5. Planning Task Force

The planning task force is most often formed when the organization requires addressing special circumstances. It is more preferable, and efficient than maintaining a different planning staff or department.

How Departmentalization Works in an Organization

Basic Organization units

The basic pattern of many organization structures revolves around three fundamental activities: production, ‘U’, marketing, and finance.

The terminology may vary from firm to firm, and in non-business organizations, the functions may be more obscure (i.e., in churches, “marketing” may be called “evangelism”), but essentially all the three activities must be implemented for the organization to survive.

Why are these three activities fundamental? Most companies are concerned with producing a product or service for use by others.

Since it is produced for use by others, it must be distributed or marketed;

that is,

people must be found who want the product or service and are willing to accept it at terms mutually agreeable to the seller (enterprise) and the buyer.

Also to produce and to distribute the product or service necessitate raising and maintaining sufficient capital; that is, the financing activities must be performed by some members of the enterprise.

The scope of the three fundamental organization units and the complexity of the enterprise give rise to additional organization units.

These types result mainly from such things as the nature and amount of the work to be done, the degree of specialization practiced, and the people and the workplaces available for the work.

To illustrate,

Under the fundamental unit of marketing, the scope of the work may be so broad that it is believed advantageous to divide the work into advertising, sales promoting, and selling.


the manager in charge of sales splits advertising and sales promoting activities, and for each, places a subordinate in charge.

A sales manager is appointed to manage the selling work in the field.

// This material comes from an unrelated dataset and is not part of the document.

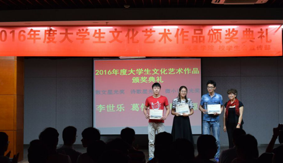 为了丰富大学生业余文化艺术生活,提高当代大学生艺术创作的积极性,2016年06月16日下午16:00,由校团委主办、汽车与交通学院分团委和校学生会宣传部共同承办,在青春剧场隆重举行“五四艺术文化作品”颁奖典礼。此次活动出席的嘉宾有艺术与设计学院副院长承剑芬教授,学校团委书记谢欢老师,副书记赵健老师,党委宣传部新闻中心主任魏艳老师,汽车与交通学院分团委经卫国老师。本次典礼由我院孙园满和毛雪两位同学主持。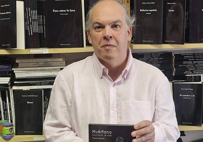 Pablo Méndez, madrileño de 1975, conjuga con pasión la escritura y la edición. Tras años impulsando la editorial Vitruvio, presenta ahora “Huérfano buscando el mar”, un poemario que inaugura una colección de cuidada edición.

These three additional units appear in the organization structure at the level immediately below that of the fundamental unit of sales.

In like manner, assume that the manager in charge of production has established units of engineering and research, factory work, and also purchasing.

Coordinating structure

As was stressed in the discussion of division of labor, an organization must be viewed by all managers at all levels as a cohesive whole, never as separate, independent functional units.

The organization is a system of integrated parts, and to give undue emphasis to any functional part at the expense of the entire organization creates organizational islands, thus resulting in inefficiency and significant behavioral problems.

Astute managers must recognize the potential for these gaps to exist (and their actual existence) and develop programs to integrate supportive functions to accomplish overall organizational objectives.

Interdepartmental committees comprised of employees from

  • finance, accounting, marketing, production, and other departments;
  • management development programs for all management and supervisory personnel that teach basic management principles from an overall organizational perspective;
  • job rotation, in which employees perform different jobs; and
  • task forces composed of personnel to work on specific projects within time parameters are all methods that can aid in achieving this desired integration.

Choosing the Best Type of Departmentalization

No one way of departmentalizing is suitable for all organizations and all situations.

If the CEOs know the various departmentalization patters and the advantages, disadvantages, and dangers of each, they should be able to design the organogram most suitable for their particular operation.

They may determine what is best by looking at the situation they face the jobs to be done and the way they should be done, the people involved and the level of their skill, the technology being used, and other internal and external environmental factors in the situation.

It must be remembered, that the objective of departmentalization is not to build a rigid structure, balanced in terms of levels and characteristics by consistency and identical bases, but to group activities in the manner that will best contribute to achieving enterprise objectives.